Abstract:
Hereditary transthyretin-mediated amyloidosis (ATTRv amyloidosis), known as Corino de Andrade disease, is a rare neurodegenerative disorder with a significant global impact characterized by the misfolding of transthyretin (TTR) protein leading to amyloid aggregation, ATTRv amyloidosis, especially with polyneuropathy, poses a considerable challenge in managing its rapid progression and debilitating effects. This mini-review focuses on the recent advancements in the treatment landscape for ATTRv amyloidosis with polyneuropathy, specifically the RNA interference therapeutic Vutrisiran and the ligand-conjugated antisense oligonucleotide Eplontersen. We aim to provide a comprehensive overview of the mechanisms, current evidence from clinical trials, and future directions for these novel therapeutic agents.
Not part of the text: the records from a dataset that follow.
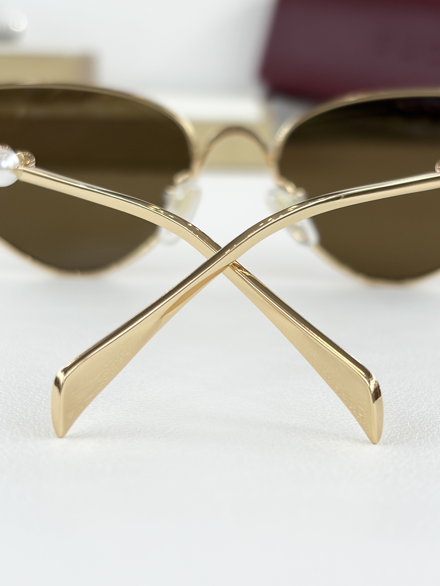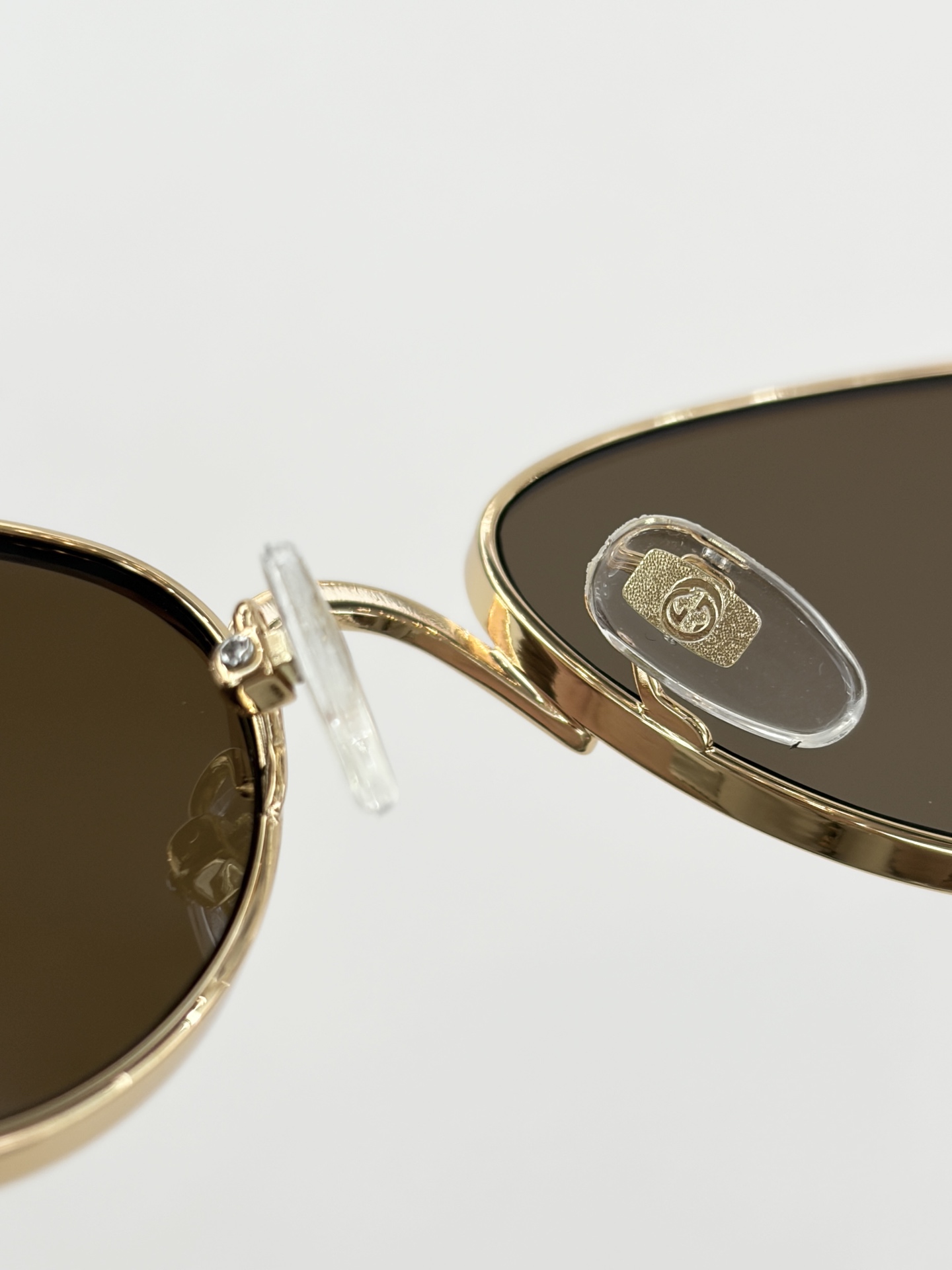 Kiểu gọng lớn đơn giản và ấn tượng, logo kim loại màu vàng ở cả hai bên gọng kính cùng logo chữ cái làm nổi bật phong cách độc đáo của thương hiệu, mặt trên gọn gàng và thời trang
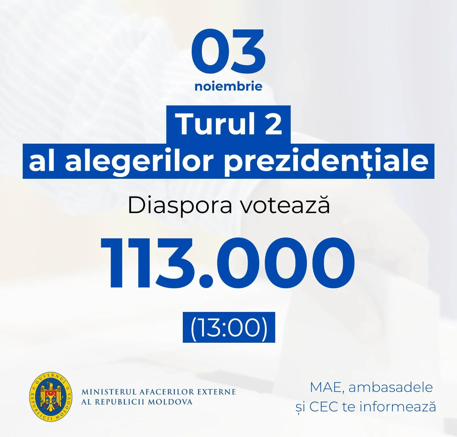 К 13:00 в диаспоре проголосовало более 113 000 избирателей. Об этом сообщил МИД Молдовы. За границей открыто 231 избирательный участок. Они будут работать до 21:00.
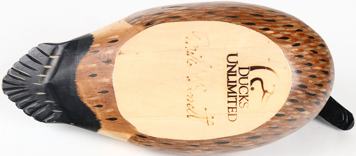 Blue Wing Teal Drake by Mike Borrett, WI, Ducks Unlimited, glass eyes, structurally excellent, solid wood, signed on bottom, original paint. Grade: MINT - Value: 30 to 60
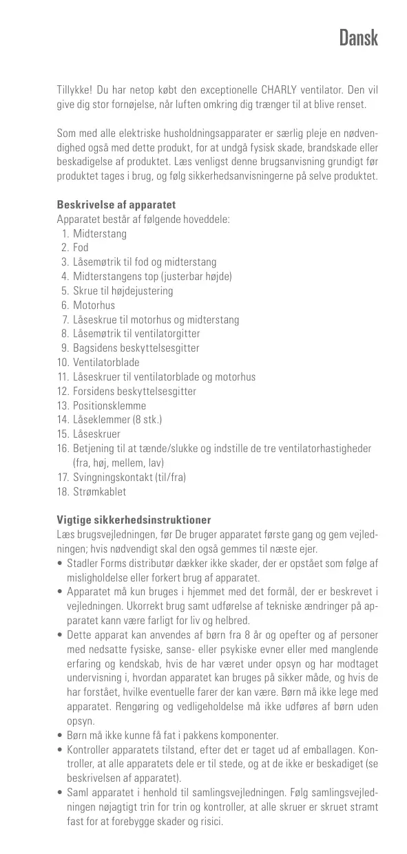 < 56 dB(A) CE / AEEA / RoHS / EAC De inhoud van deze gebruiksaanwijzing kan zonder voorafgaand bericht worden gewijzigd Dansk Tillykke! Du har netop købt den exceptionelle CHARLY ventilator. Den vil give dig stor fornøjelse, når luften omkring dig trænger til at blive renset. Som med alle elektriske husholdningsapparater er særlig pleje en nødvendighed også med dette produkt, for at undgå fysisk skade, brandskade eller beskadigelse af produktet. Læs venligst denne brugsanvisning grundigt før produktet tages i brug, og følg sikkerhedsanvisningerne på selve produktet. Beskrivelse af apparatet Apparatet består af følgende hoveddele:
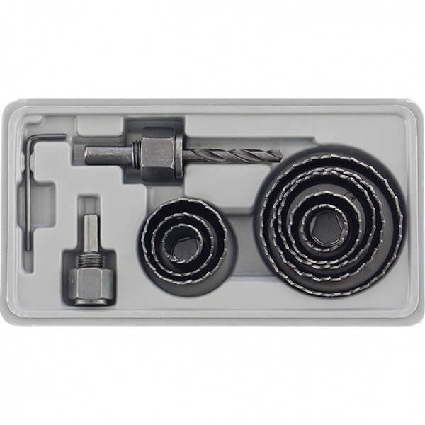- 8 кольцевых пил следующих диаметров: 3/4"=19 мм; 7/8"=22 мм; 1 1/8"=29 мм; 1 1/4"=32 мм; 1 1/2"=38 мм; 1 3/4"=44 мм; 2"=51 мм; 2 1/2"=64 мм.
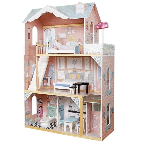 Niezwykle duży, drewniany domek w stonowanych, pastelowych kolorach to wymarzona zabawka dla każdej małej dziewczynki. Dzięki solidnej konstrukcji i eleganckiemu designowi domek ten zapewni wiele lat kreatywnej zabawy.
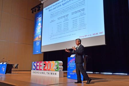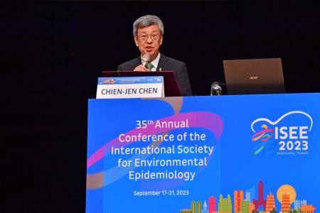 行政院長陳建仁18日前往高雄展覽館出席「2023年第35屆國際環境流行病學學會年會」時表示,本屆大會主題為「星球衛生(Connecting the East and the West, One Health in One Planet)」,共有來自65國、約1,500人參與,針對環境污染對健康的影響分享知識及見解,並提供新的概念與方法,有助我國政府對於環境健康領域的重視與了解。院長也以「Epidemiology and Public Health Policy Decision(流行病學及公共衛生政策決策)」為題發表英文專題演講,分享政府部門如何透過完善公共衛生政策,防治烏腳病、肝癌、胃癌、SARS、COVID-19等流行疾病。
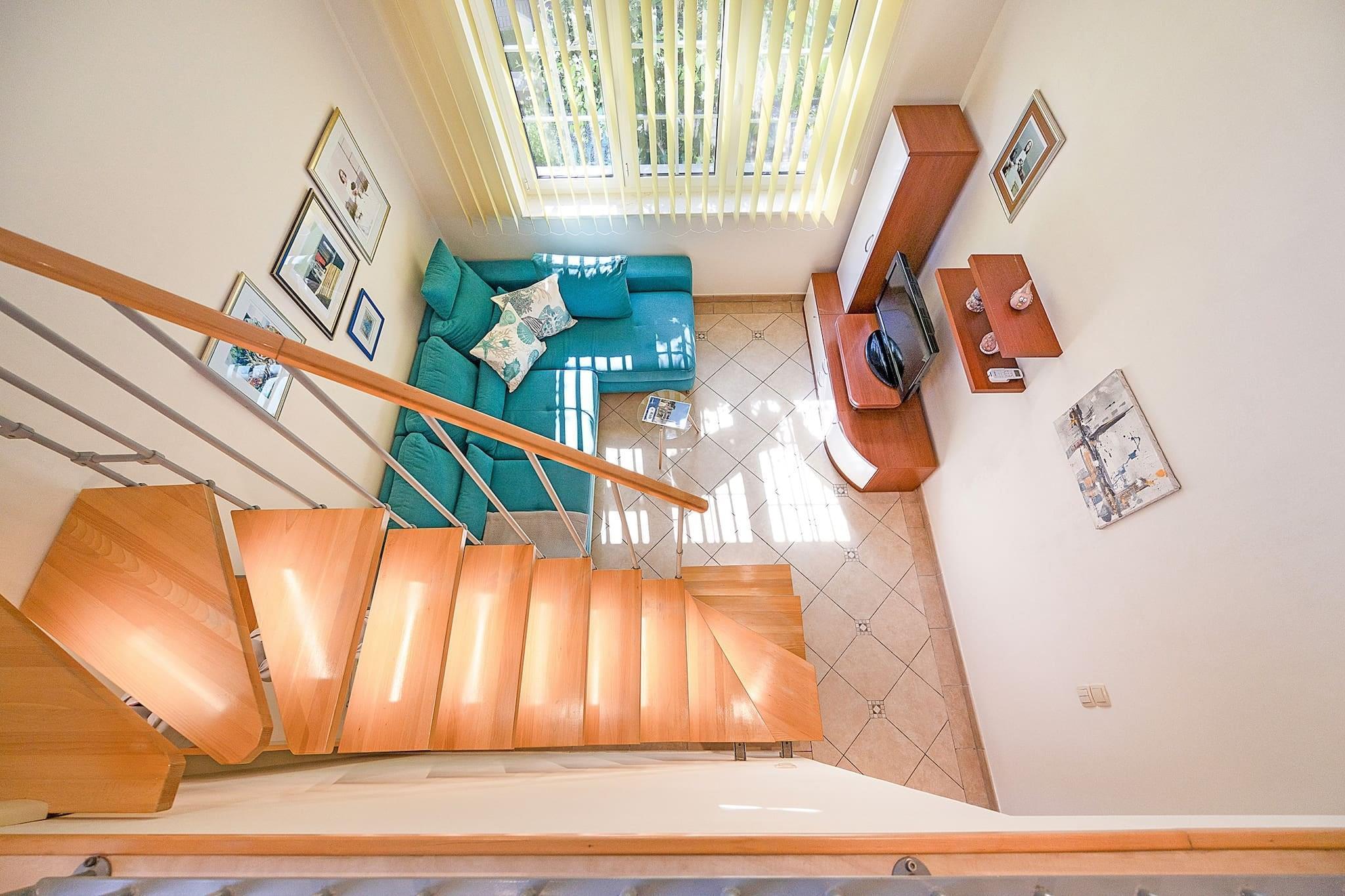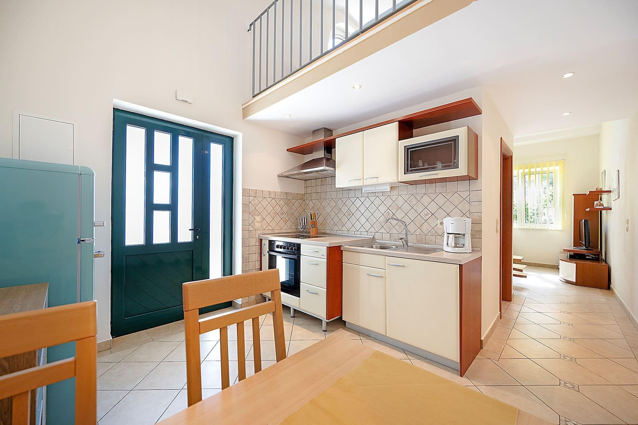 Dieses gemütliche Studio im Herzen von Banjol auf der Insel Rab bietet einen ruhigen Rückzugsort für zwei Personen. Der Schlafbereich befindet sich auf einer Galerie, und die voll ausgestattete Küche erleichtert die Zubereitung von Mahlzeiten. Ein Babybett ist auf Anfrage erhältlich. Gegen eine Endreinigungsgebühr fällt eine Gebühr an. Das Apartment verfügt über Klimaanlage, WLAN, Handtücher, Bettwäsche und eine Waschmaschine für zusätzlichen Komfort. Betreten Sie den üppigen Garten mit einem gemeinsamen Whirlpool und schattigen Loungebereichen – ideal zum Entspannen nach einem Strandtag. Gäste können auch im Freien mit einem Grillplatz speisen. Kostenlose Privatparkplätze stehen vor Ort zur Verfügung. Nur 250 Meter vom Sandstrand entfernt, ist das Apartment ideal gelegen, um die natürliche Schönheit und den historischen Charme von Rab zu erkunden. Besuchen Sie die alte Festung auf dem Hügel St. Damian, schlendern Sie durch die Altstadt von Rab oder genießen Sie frische Meeresfrüchte in lokalen Restaurants. Mit seiner ruhigen Lage und den durchdachten Annehmlichkeiten ist dieses Studio der perfekte Ausgangspunkt für einen erholsamen Inselurlaub.

Vutrisiran and Eplontersen have demonstrated significant clinical efficacy in improving neuropathic impairment, quality of life, and serum TTR levels in various trials. The distinct mechanistic approaches of these therapies, coupled with their acceptable safety profiles, offer promising avenues for addressing the complexities of ATTRv amyloidosis with polyneuropathy. The introduction of Vutrisiran and Eplontersen marks a pivotal moment in the quest for effective therapies against ATTRv amyloidosis with polyneuropathy. While clinical evidence is promising, ongoing research is crucial to deepen mechanistic understanding and address research gaps. Future perspectives include the potential expansion of therapeutic options and a more inclusive approach to cater to the diverse needs of individuals globally. This mini-review provides valuable insights into the evolving landscape of ATTRv amyloidosis management and sets the stage for further exploration in this challenging domain.
摘要:
遗传性转甲状腺素蛋白介导的淀粉样变性(ATTRv淀粉样变性),被称为CorinodeAndrade病,是一种罕见的神经退行性疾病,具有重大的全球影响,其特征是甲状腺素运载蛋白(TTR)蛋白的错误折叠导致淀粉样蛋白聚集,ATTRv淀粉样变性,尤其是多发性神经病,在管理其快速发展和衰弱影响方面提出了相当大的挑战。这篇小型综述集中在ATTRv淀粉样变性伴多发性神经病的治疗领域的最新进展,特别是RNA干扰治疗剂Vutrisiran和配体缀合的反义寡核苷酸Eplontersen。我们旨在提供有关机制的全面概述,目前来自临床试验的证据,以及这些新型治疗剂的未来方向。Vutrisiran和Eplontersen在改善神经病变方面表现出显著的临床疗效。生活质量,和各种试验中的血清TTR水平。这些疗法的独特机制方法,再加上他们可接受的安全概况,为解决ATTRv淀粉样变性与多发性神经病的复杂性提供了有希望的途径。Vutrisiran和Eplontersen的引入标志着寻求有效治疗ATTRv淀粉样变性多发性神经病的关键时刻。虽然临床证据很有希望,正在进行的研究对于加深机械理解和解决研究差距至关重要。未来的前景包括治疗选择的潜在扩展和更具包容性的方法,以满足全球个人的多样化需求。这篇小型评论为ATTRv淀粉样变性管理的不断发展提供了宝贵的见解,并为在这个具有挑战性的领域进一步探索奠定了基础。